As Dahlquist’s order was never implemented and no one could predict when relief units would reach the surrounded battalion, resupply by air became the top priority. At 2010 Blonder relayed a message to Lundquist, telling him the stranded soldiers would construct a white arrow (using paper maps and all the light-c
olored cloth the troops could muster) in a clearing near the stranded men. When the supply aircraft approached, they would release yellow smoke, if possible. Blonder’s message made it clear how risky the air-supply mission would be to the surrounded men. “Request rations, ammo, [unintelligible], medical supplies so that enemy will not observe and inform enemy of our position.” Although the 1/141 was pinned down in a confined area, apparently the exact deployment of the soldiers wasn’t readily discernible to the Germans. Blonder also asked, “Have you heard from our [breakout] patrol?” Lundquist had not. All he could do now was oversee the details of the airdrop, now scheduled for late morning the following day.15
COMPANY I RIFLEMAN LAWRENCE ISHIKAWA DIDN’T GET TO FINISH his hand of poker after supper in his temporary Bruyères barrack. He had showered for the first time in days and then enjoyed a tray full of hot food. He and others had received new gear and clothing, including underwear, socks, wool trousers, field shirts, and a jacket, although their winter gear had not yet arrived. Shaving for the first time in nine days was a treat that had capped off the first day of much-needed recuperation. Ishikawa had survived continual combat for more than a week and had seen dozens of men wounded or killed. Now Company I was standing down for several days’ rest before going back onto the line. But shortly before midnight, the prospect of rest and recuperation disappeared. Ishikawa and his buddies were told that in a few hours, Company I would be reengaging the enemy. They would have less than one night’s good sleep before predawn assembly. Platoon sergeants reported to company commanders to get the lowdown.

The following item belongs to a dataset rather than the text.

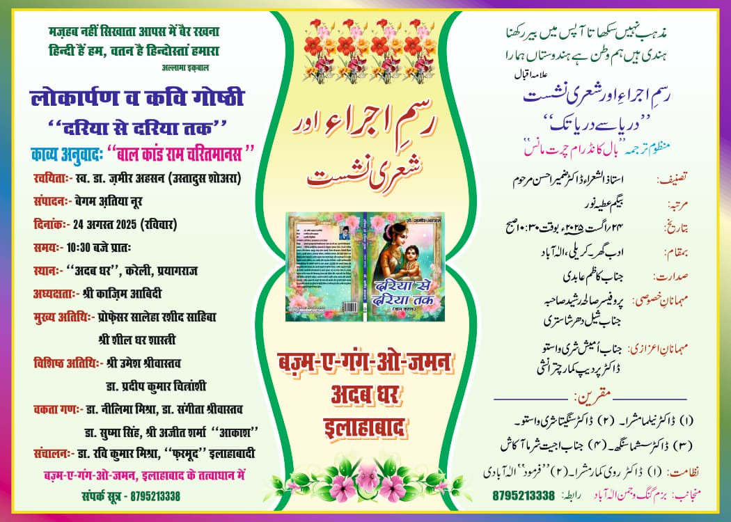 پریاگ راج (نامہ نگار): الہ آباد استاذ الشعراء ڈاکٹر ضمیر احسن مرحوم کی تصنیف ”دریا سے دریا تک“ منضوم ترجمہ بال کانڈ رام چرت مانس کی رسم اجراء آئندہ ۴۲/ اگست کو صبح ۰۳:۰۱/ بجے ادب گھر کریلی میں منعقد ہوگی۔ جس کی صدارت معروف ادیب کاظم عابدی کریں گے اور مہمان خصوصی پروفیسر صالحہ رشید و شیل دھر شاستری ہوں گے۔اس موقع پر ڈاکٹر ضمیر احسن مرحوم کی شخصیت اور فن تقاریر ہوں گی۔ اس کے علاوہ شعری نشست کا انعقاد بھی ہوگا۔ کتاب کی مرتب بیگم عطیہ نور نے بتایا کہ مرحوم ڈاکٹر ضمیر احسن نے مذہبی ہم اہنگی اور گنگا جمنی تہذیب کے فروغ کے پیش نظر بہت جا ں فشانی سے یہ کارنامہ انجام دیا تھا۔ جسے فخریہ پیش کیا جا رہا ہے۔ پروگرام کی نظامت بانی ادب گھر فرمود الہ آبادی کریں گے۔

“Okay, get ready because you’re going back on line.” Not far from Ishikawa, Company K radioman Jim Tazoi didn’t believe what he had heard. Less than two days earlier, the bloodied men of the 3/442 had been granted rest and recuperation following the Bruyères and Biffontaine assaults. My gosh, he thought to himself, you said we were going to be in the rest area for two or three days. But here you’ve kicked us out already, telling us to go back on line.16
Not only would the 3rd Battalion jump off before dawn the following day, but the 100th Battalion would also be alongside. Al Taka hashi had taken a precious shower, put on clean clothes, and shaved for the first time in more than a week. “So we shaved and that night that damn stupid general, he got his battalion lost . . . and he says ‘Hey, we have to go rescue them,’” he recalled.17 Takahashi and others were flabbergasted that Dahlquist wasn’t calling on other regiments in the 36th Division to launch a rescue mission. Yet Takahashi and the others likely didn’t know that the other two battalions of the 141st had failed for two days to reach Higgins’s men.
Sleep was impossible for much of the 442nd’s 100th and 3rd Battalions that night. At 0300 on October 27, company officers and platoon leaders rousted their men and ordered them to gather their cold and damp gear at about the same time. The 442nd would attack the enemy at 1000. The 100th and 3rd Battalions had to be on the front line well in advance of that, and they faced a long, brutal climb up into the mountains immediately after leaving their temporary barracks.
When the remainder of the 442nd attacked at midmorning, it would have the option of asking for full support from the 141st. If that circumstance developed, the 141st would make a frontal assault if the 442nd believed it could flank the enemy. The infantry would be accompanied by forward observers from the 131st Field Artillery and 522nd Field Artillery Battalions.
MEANWHILE, A GROUP OF PILOTS WAS CALLED INTO A QUONSET hut at an American air base near Dole, about one hundred miles away. They were part of the 405th Fighter Squadron, 371st Fighter Group, 70th Air Wing, U.S. Ninth Air Force. Eliel Archilla, John Leonard, Paul Tetrick, Robert Booth, Milton Seale, Robert Dixon, Robert Gamble, Arthur Holderness, and Leon Hopper were among them. Some had been with the fighter group when it was one of the first squadrons to fly into Europe during the Normandy invasion on reconnaissance missions.
They were told a battalion of soldiers from Texas was surrounded in the mountains to the north. They were stranded on a single ridge in a twenty-eight-hundred-square-mile forest spanning ninety miles from Strasbourg to the north, nearly to the Swiss border. They had run out of food and needed resupply by air, delivered over enemy territory. The briefing officer asked for volunteers. Everyone raised his hand. None had flown a resupply mission before.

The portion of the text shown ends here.